The MESS team also want to reach out to a global community through a series of instructional videos that help bridge the learning curve in using some of the instruments. They recently received funding through Creative Victoria’s Marketing Innovation Fund to produce the first twelve. After that they’ll be looking at ways to make the project financially sustainable so they can keep using the videos to promote MESS to a wider audience.

“The videos show off all the instruments we have access to, and shows us as a centre of knowledge and learning about synthesizers and electronic music,” says Byron. “But it’s also useful for our members because when they come in, they can use those videos as a resource.”

Buchla & EMS Synthi AKS 740 at MESS. Photo by Kristoffer Paulsen.

Buchla & EMS Synthi AKS 740 at MESS. Photo by Kristoffer Paulsen.

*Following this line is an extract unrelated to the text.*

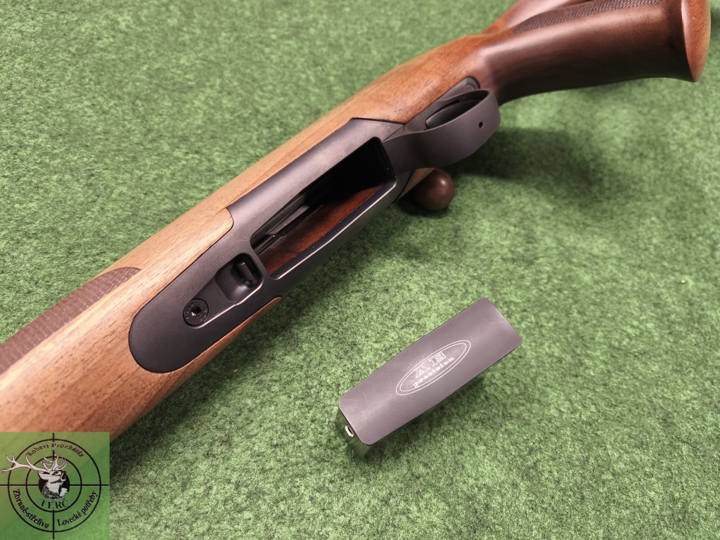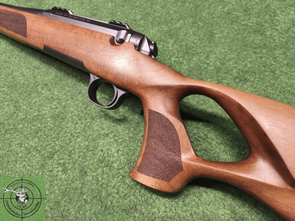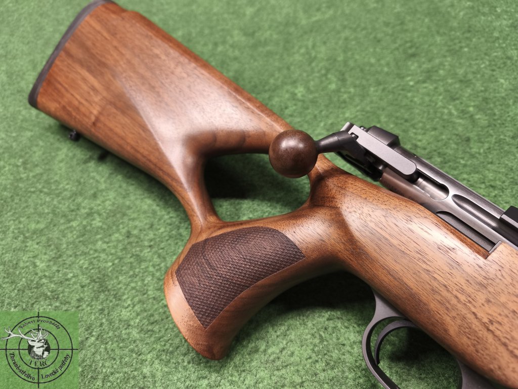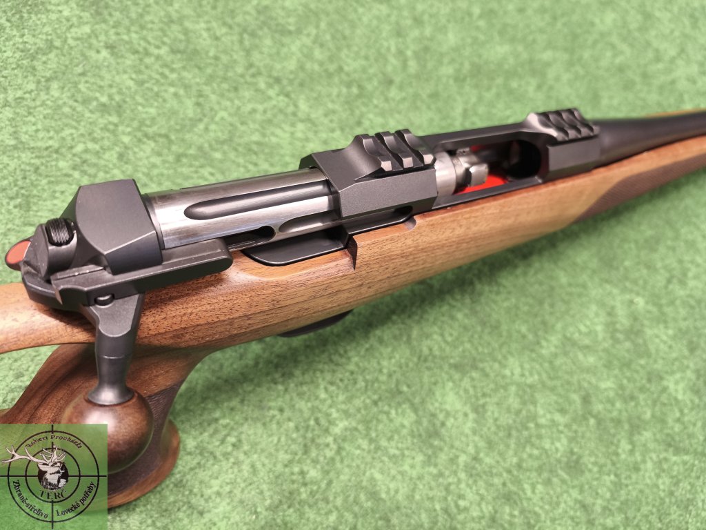 Vychutnejte si neuvěřitelně hladké a extrémně rychlé nabíjení díky přímotažnému závěru. Ten se pohybuje pouze v ose střelby, není ho tedy potřeba dalším pohybem uzamykat jako u běžného systému Mauser. Pětiranný zásobník tedy zvládnete vystřílet velmi rychle. Bezpečnost zaručují tři uzamykací ozuby.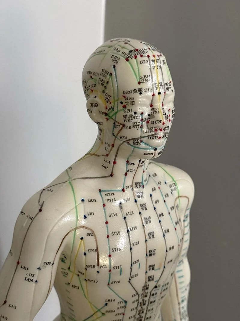 Acupuncture consists of the gentle insertion and stimulation of thin, disposable sterile needles at strategic points near the surface of the body. Over 2,000 acupuncture points on the human body connect with 14 major pathways, called meridians. These meridians conduct Qi (life-force or energy), between the surface of the body and internal organs.

MESS has also received funding through the Music Works program to create a professional, artist-driven education program for artists who want to take their electronic music career to the next level. The course will help them create a folio and start building a professional career through masterclasses and private tuition.

“It’s for people who want to take that step from being an amateur or a hobbyist,” says Byron. “This focus is on electronic musicians who want to tip their careers over into trying to make a living from it. What we’re about is people making good music. MESS wants to support a culture of pragmatic creativity.”

So while some synths might be kept under glass, the VCS 1 at MESS is one of hundreds of instruments ready and waiting to make some noise.